## GIVEN RECORDS
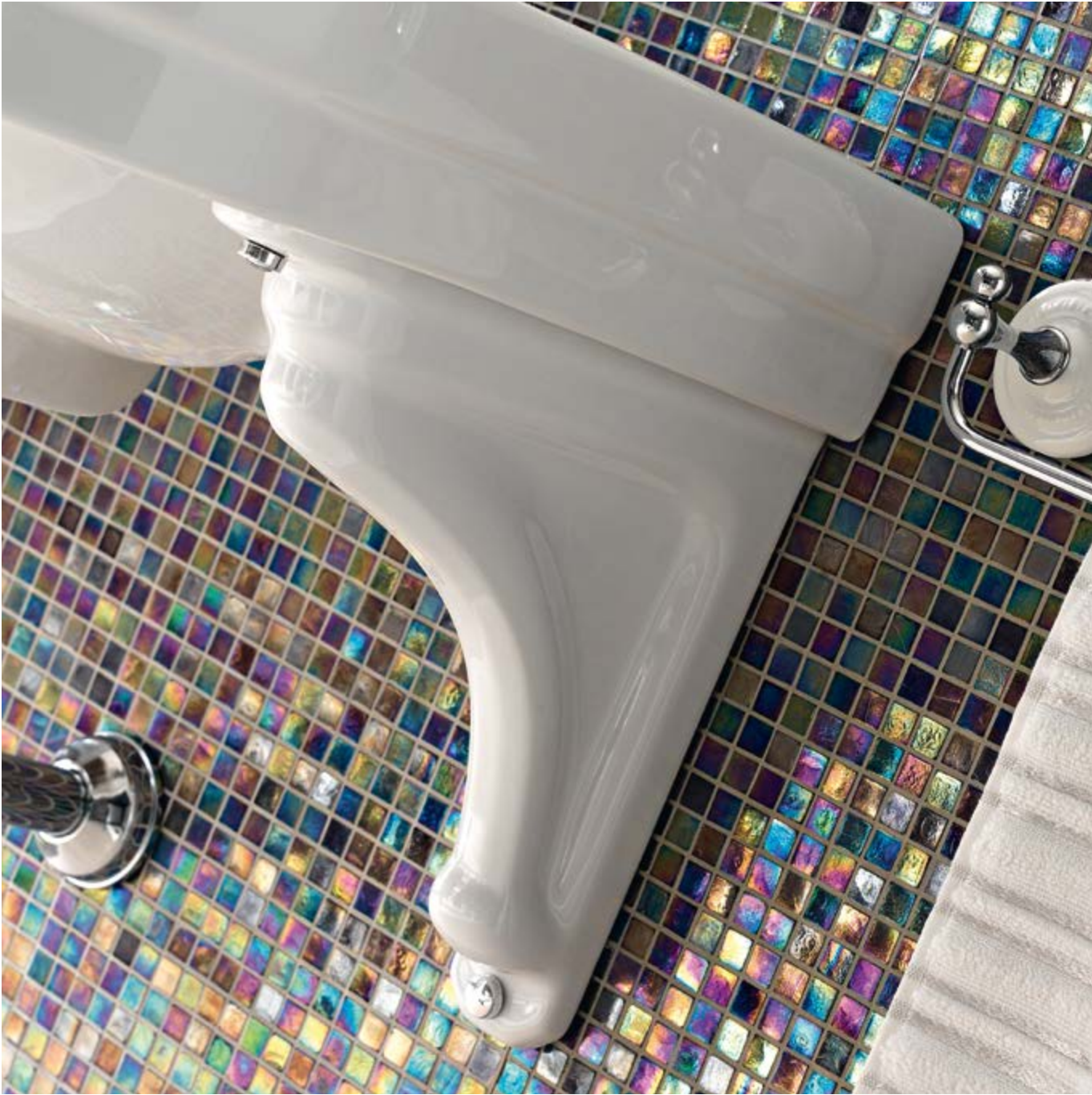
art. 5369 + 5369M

---

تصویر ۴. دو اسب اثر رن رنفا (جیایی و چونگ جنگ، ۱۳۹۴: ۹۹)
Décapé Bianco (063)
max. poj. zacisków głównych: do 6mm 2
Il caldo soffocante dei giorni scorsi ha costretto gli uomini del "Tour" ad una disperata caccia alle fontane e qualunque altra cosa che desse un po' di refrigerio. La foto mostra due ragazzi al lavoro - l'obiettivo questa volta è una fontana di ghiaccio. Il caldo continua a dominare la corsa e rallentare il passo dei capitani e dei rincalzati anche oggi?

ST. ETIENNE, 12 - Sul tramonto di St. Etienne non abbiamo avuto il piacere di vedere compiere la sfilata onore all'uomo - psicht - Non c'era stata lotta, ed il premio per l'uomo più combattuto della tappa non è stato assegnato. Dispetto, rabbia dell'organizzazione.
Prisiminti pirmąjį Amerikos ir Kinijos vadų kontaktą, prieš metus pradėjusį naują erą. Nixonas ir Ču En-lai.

==

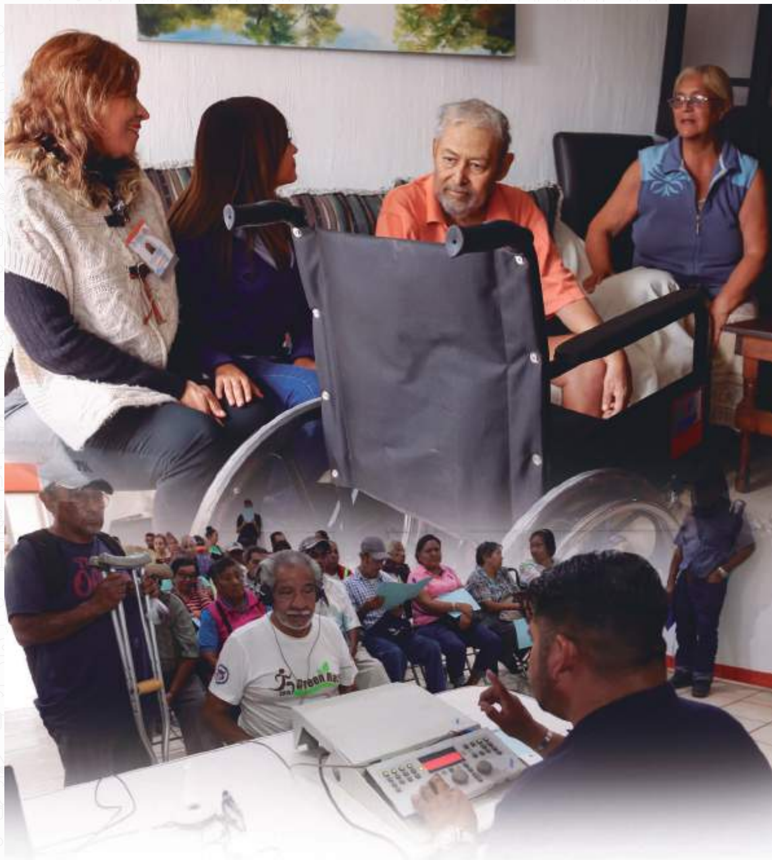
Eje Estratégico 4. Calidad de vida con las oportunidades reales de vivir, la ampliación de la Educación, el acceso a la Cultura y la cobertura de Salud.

## EXERCISE BRIEF
What is asked for is an exact copy of the lines above from the one containing "ST. ETIENNE, 12" through the one containing "Prisiminti pirmąjį Amerikos", and only those.

## TASK ANSWER
ST. ETIENNE, 12 - Sul tramonto di St. Etienne non abbiamo avuto il piacere di vedere compiere la sfilata onore all'uomo - psicht - Non c'era stata lotta, ed il premio per l'uomo più combattuto della tappa non è stato assegnato. Dispetto, rabbia dell'organizzazione.
Prisiminti pirmąjį Amerikos ir Kinijos vadų kontaktą, prieš metus pradėjusį naują erą. Nixonas ir Ču En-lai.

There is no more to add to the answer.